Хотя дождь и создавал помехи маршу, люди радовались: в таком небе нет вражеской авиации, которая похуже дождя. Идут почти день и — тишина. В воздухе тишина. Ладное дело.
Зато в Дудкино и Бахметово не было тишины. С утра начался интенсивный обстрел обороны артиллерией. Какая-то часть пушек била по дотам и дзотам прямой наводкой. Пулеметчики наравне с пехотой — стрелками — несли потери. К амбразурам хоть не подходи, осколки доставали внутри сооружений. По окопам делся навесной огонь. В сырой мгле сизый приторный дым взрывчатки заволакивал оборону, мешал видеть, что делается впереди и вокруг. С мгновенно возникающим свистом, услышав который уже поздно было прятаться, падать, нырять на дно окопа, рвались мины, осколки с фурчанием стригли пожухлую траву, выбривая на суглинистой земле темные, припорошенные гарью плешины.

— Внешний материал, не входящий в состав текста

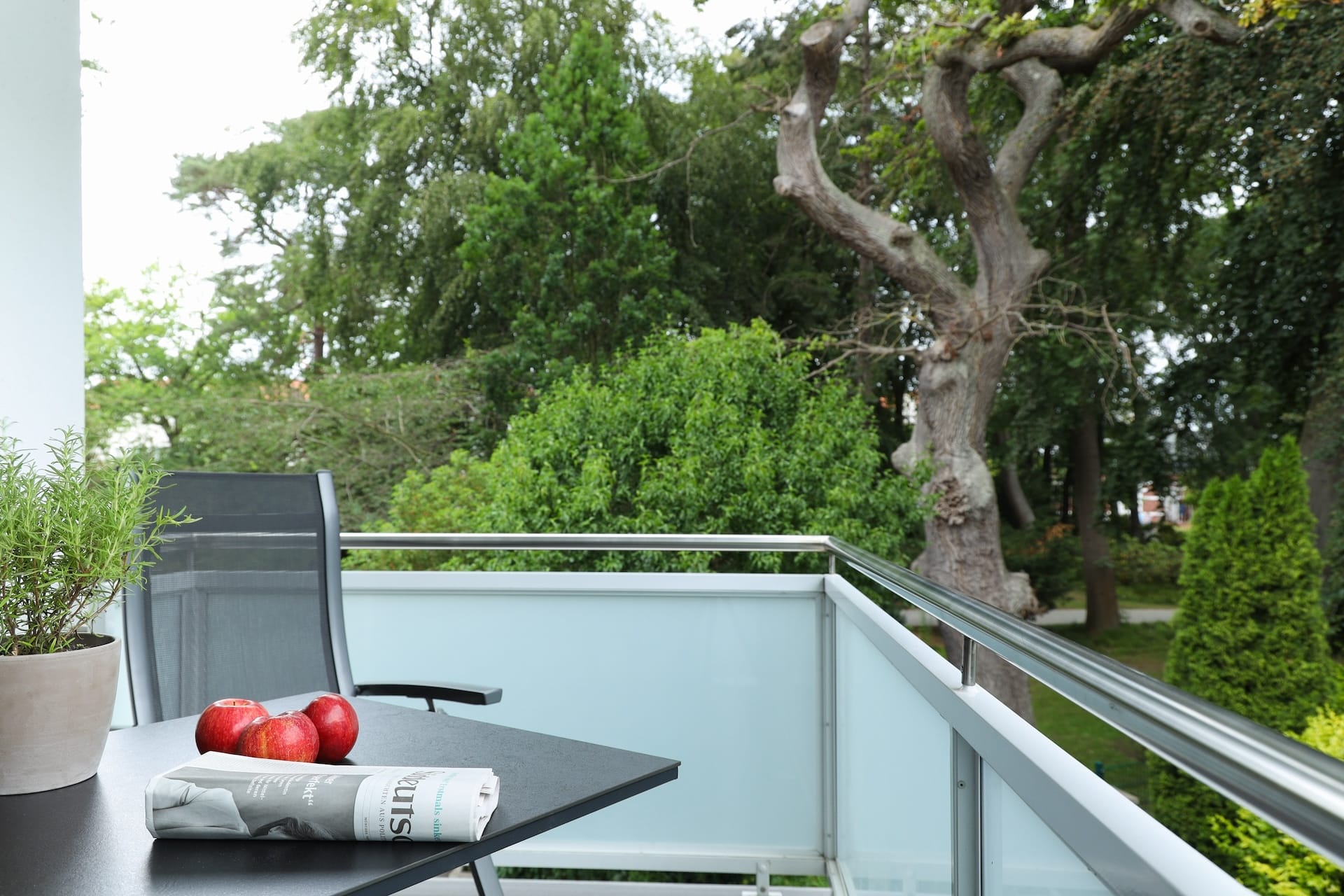 Das Studio mit Balkon befindet sich im Erdgeschoss und verfügt über geräumige ca. 35 m², über einen kombinierten Schlaf-/Wohnraum der zum Wohlfühlen einlädt hinzu kommt eine ausgestattete offene Küchenzeile und ein Badezimmer mit Dusche. Die Küchenzeile verfügt über einen Kühlschrank, Toaster, Backofen und Ceran-Herdplatte sowie verfügt diese auch über Geschirr, Kochutensilien und Besteck. Für den morgendlichen Kaffee und Tee ist auf jeden Fall gesorgt, Sie können sich dieses mit der vorhandenen Filterkaffeemaschine sowie eine Nespresso Kaffeemaschine und dem Wasserkocher zubereiten. Der gemütliche Schlaf-/Wohnraum ist mit einem großen Flachbildfernseher mit Kabel-TV-Empfang und einem Radio ausgestattet, das WLAN steht Ihnen kostenlos zur Verfügung. Zu Ihrer Wohnung gehört auch ein Balkon, dieser mit Balkonmöbel ausgestattet ist, wo Sie den Tag genießen können, aber auch Abends ungestört den Tag ausklingen lassen können.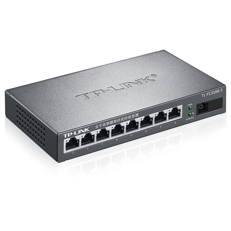 FC318B 8口千兆单模单纤光纤收发器光纤交换机1SC B端1光8电3KM传输光电信号转换器 普联TP 8GE LINK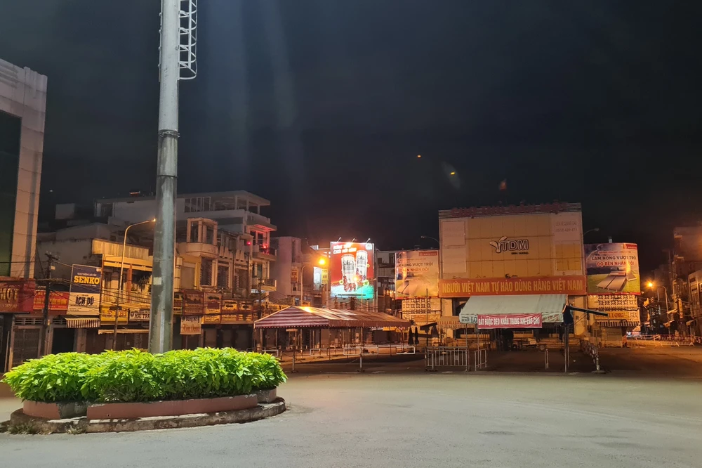 Ngã sáu, trung tâm TP Thủ Dầu Một, nơi hàng đêm có rất đông người dân tập trung vui chơi, giờ chỉ có lực lượng chức năng làm nhiệm vụ.

Связисты, пригибаясь, мотались по линиям, сращивая перебитые провода. По ходам сообщения в тыл несли раненых, наспех перебинтованных, с осколочными ранениями в тело, ноги, голову. Легкие выбирались сами, опираясь на плечо товарища или на винтовку. И только убитые, в серых, измазанных в глине шинелях, оставались на месте, сдвинутые в какую-нибудь ячейку, чтоб не мешали ходить живым.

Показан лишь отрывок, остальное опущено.